> Records for the exercise:
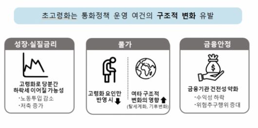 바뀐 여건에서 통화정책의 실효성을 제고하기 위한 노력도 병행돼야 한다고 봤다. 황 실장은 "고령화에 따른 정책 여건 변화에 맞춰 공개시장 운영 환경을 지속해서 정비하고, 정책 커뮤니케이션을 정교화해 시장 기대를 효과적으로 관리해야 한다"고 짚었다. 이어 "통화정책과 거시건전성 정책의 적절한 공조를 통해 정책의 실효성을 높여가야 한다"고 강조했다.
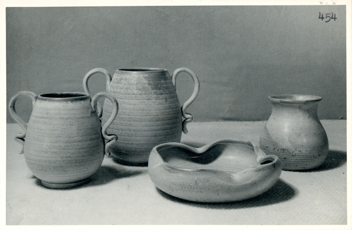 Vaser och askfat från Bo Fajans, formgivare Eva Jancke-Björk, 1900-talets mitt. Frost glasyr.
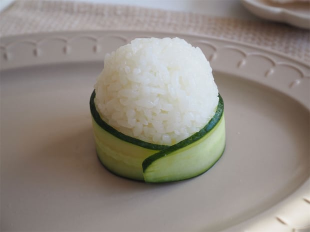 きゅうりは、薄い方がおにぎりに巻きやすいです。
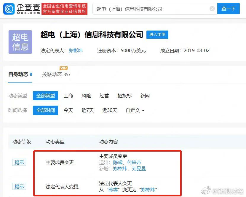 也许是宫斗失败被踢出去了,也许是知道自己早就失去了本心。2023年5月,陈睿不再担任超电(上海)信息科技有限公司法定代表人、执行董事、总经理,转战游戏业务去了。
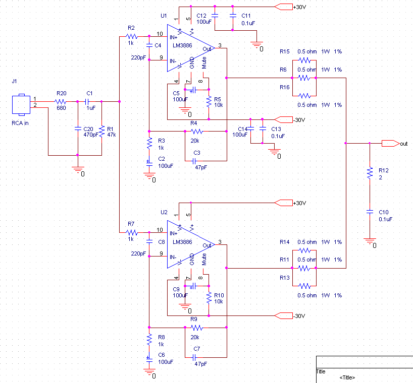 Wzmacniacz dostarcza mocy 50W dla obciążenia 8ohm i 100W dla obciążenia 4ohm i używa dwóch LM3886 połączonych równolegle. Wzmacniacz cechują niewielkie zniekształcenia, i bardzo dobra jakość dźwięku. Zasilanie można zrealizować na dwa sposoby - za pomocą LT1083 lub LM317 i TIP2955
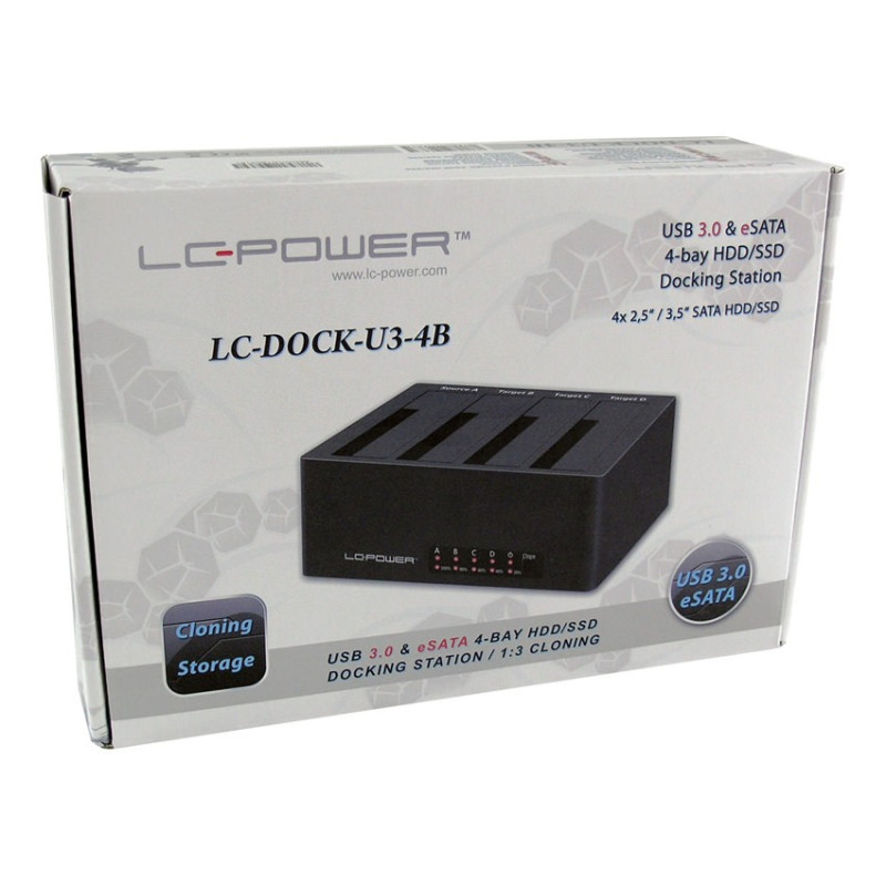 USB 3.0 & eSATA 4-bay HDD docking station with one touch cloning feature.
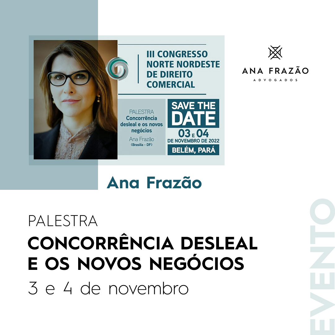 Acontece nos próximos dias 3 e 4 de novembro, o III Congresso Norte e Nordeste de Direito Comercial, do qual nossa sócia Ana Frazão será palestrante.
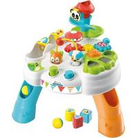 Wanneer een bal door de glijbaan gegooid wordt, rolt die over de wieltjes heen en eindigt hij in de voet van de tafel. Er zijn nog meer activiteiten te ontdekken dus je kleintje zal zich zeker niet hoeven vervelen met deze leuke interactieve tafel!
* * *
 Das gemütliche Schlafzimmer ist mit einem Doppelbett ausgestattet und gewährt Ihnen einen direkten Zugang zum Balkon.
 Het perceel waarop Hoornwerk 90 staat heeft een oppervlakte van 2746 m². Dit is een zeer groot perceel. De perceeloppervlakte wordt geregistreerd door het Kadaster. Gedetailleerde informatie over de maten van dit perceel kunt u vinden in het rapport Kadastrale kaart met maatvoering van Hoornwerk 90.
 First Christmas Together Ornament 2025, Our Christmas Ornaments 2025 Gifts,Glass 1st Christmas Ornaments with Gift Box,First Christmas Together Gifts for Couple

> Assignment:
Return exactly the lines of the material above, starting at the line containing "바뀐 여건에서 통화정책의" and finishing at the line containing "也许是宫斗失败被踢出去了,也", without any pictures.

> Answer to this exercise:
 바뀐 여건에서 통화정책의 실효성을 제고하기 위한 노력도 병행돼야 한다고 봤다. 황 실장은 "고령화에 따른 정책 여건 변화에 맞춰 공개시장 운영 환경을 지속해서 정비하고, 정책 커뮤니케이션을 정교화해 시장 기대를 효과적으로 관리해야 한다"고 짚었다. 이어 "통화정책과 거시건전성 정책의 적절한 공조를 통해 정책의 실효성을 높여가야 한다"고 강조했다.
 Vaser och askfat från Bo Fajans, formgivare Eva Jancke-Björk, 1900-talets mitt. Frost glasyr.
 きゅうりは、薄い方がおにぎりに巻きやすいです。
 也许是宫斗失败被踢出去了,也许是知道自己早就失去了本心。2023年5月,陈睿不再担任超电(上海)信息科技有限公司法定代表人、执行董事、总经理,转战游戏业务去了。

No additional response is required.